Induction kinetics of the DR5-GUS gene after auxin and BL treatment. A, Time course of the DR5-GUS gene response to 10 nm BL or 1 μm IAA treatment. Seven-day-old transgenic Arabidopsis seedlings containing the DR5-GUS gene were treated with BL or IAA for up to 24 h. B, Dose-dependent induction of the DR5-GUS gene in response to IAA treatment. Seven-day-old transgenic Arabidopsis seedlings containing the DR5-GUS gene were treated with 10 nm, 100 nm, or 1 μm IAA for 1 h. C, Dose-dependent induction of the DR5-GUS gene in response to BL. Seven-day-old transgenic Arabidopsis seedlings containing the DR5-GUS gene were treated with BL for 12 h. Levels of GUS gene transcripts were analyzed using Taq-Man RTQ RT-PCR. Transcript levels are presented as values relative to those at 0 h (A) or mock treatment (B and C), both defined as 1, after normalization to 18S ribosomal RNA levels. The data are the means ± se of the results of three independent hormone treatment experiments. The experiments in each panel were performed independently; therefore, the results differ, even under the same conditions.

Figure 4.

Induction of GUS activity in DR5-GUS transgenic seedlings in response to treatment with various plant hormones. Seven-day-old transgenic Arabidopsis seedlings harboring the DR5-GUS gene were treated or mock treated with plant hormones for 24 h; 10 μm solutions of the hormones ABA, 1-aminocyclopropane-1-carboxylate (ACC), zeatin, methyl jasmonate (MeJA), and GA₃ were used. BL and IAA were used at concentrations of 10 nm to 1 μm. GUS activities were determined and presented as values relative to mock-treated plants after normalization to the protein content. The data are the means ± se of the results of three independent hormone treatment experiments, except for IAA treatment at 1 μm (six experiments).

Figure 5.

Histochemical staining of GUS activity in DR5-GUS transgenic Arabidopsis seedlings in response to IAA or BL treatment.
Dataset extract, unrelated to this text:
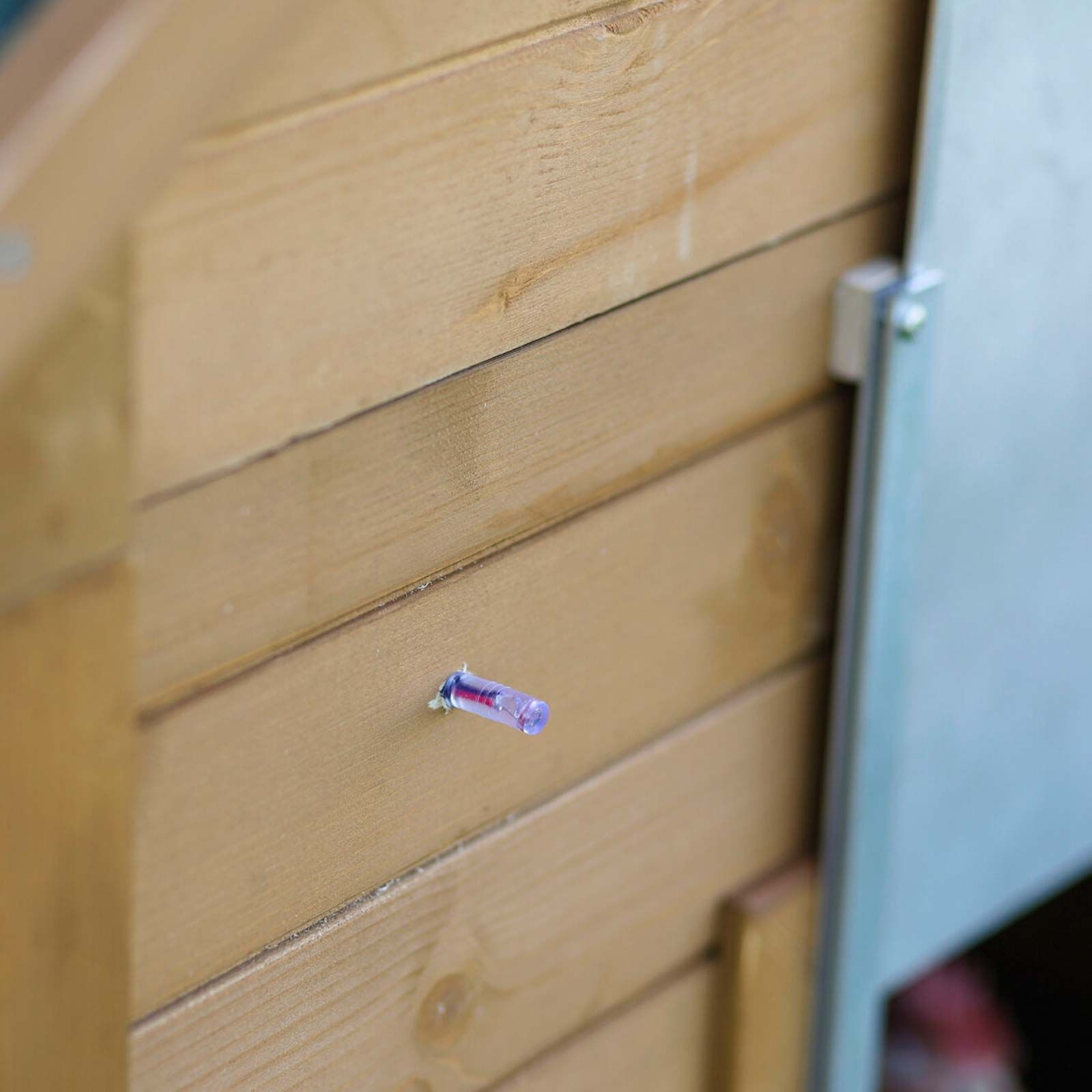 Wenn Sie die automatische Hühnertür mit Netzspannung versorgen wollen, stellen Sie sicher, dass eine 230 Volt Steckdose in der Nähe zur Verfügung steht. Das Netzteil und der Montageort des Geräts muss vor Regenfall geschützt sein. Die automatische Hühnertür ist nicht mit Schieber bzw. Klappen kompatibel, die eine Selbstverriegelung besitzen.

Seven-day-old DR5-GUS transgenic seedlings were mock treated (A), treated with 10 nm BL for 12 h (B), treated with 1 μm IAA (C), or treated with 50 nm IAA (D) for 12 h. Seedlings were stained for 24 h for GUS activity in staining buffer containing 1 mm 5-bromo-4-chloro-3-indolyl-β-d-glucuronide.

Figure 6.

Organ-specific expression of the DR5-GUS and IAA genes. Seven-day-old WT seedlings transgenic for a DR5-GUS gene were dissected into shoots (S) and roots (R) before (control) and after treatment with 10 nm BL for 6 h or 1 μm IAA for 1 h. The abundance of GUS (A), IAA5 (B), and IAA19 (C) transcripts was analyzed using Taq-Man RTQ RT-PCR. Transcript levels are presented as values relative to those for control shoots, defined as 1, after normalization to the 18S ribosomal RNA levels. The data are the means ± se of the results of three independent hormone treatment experiments.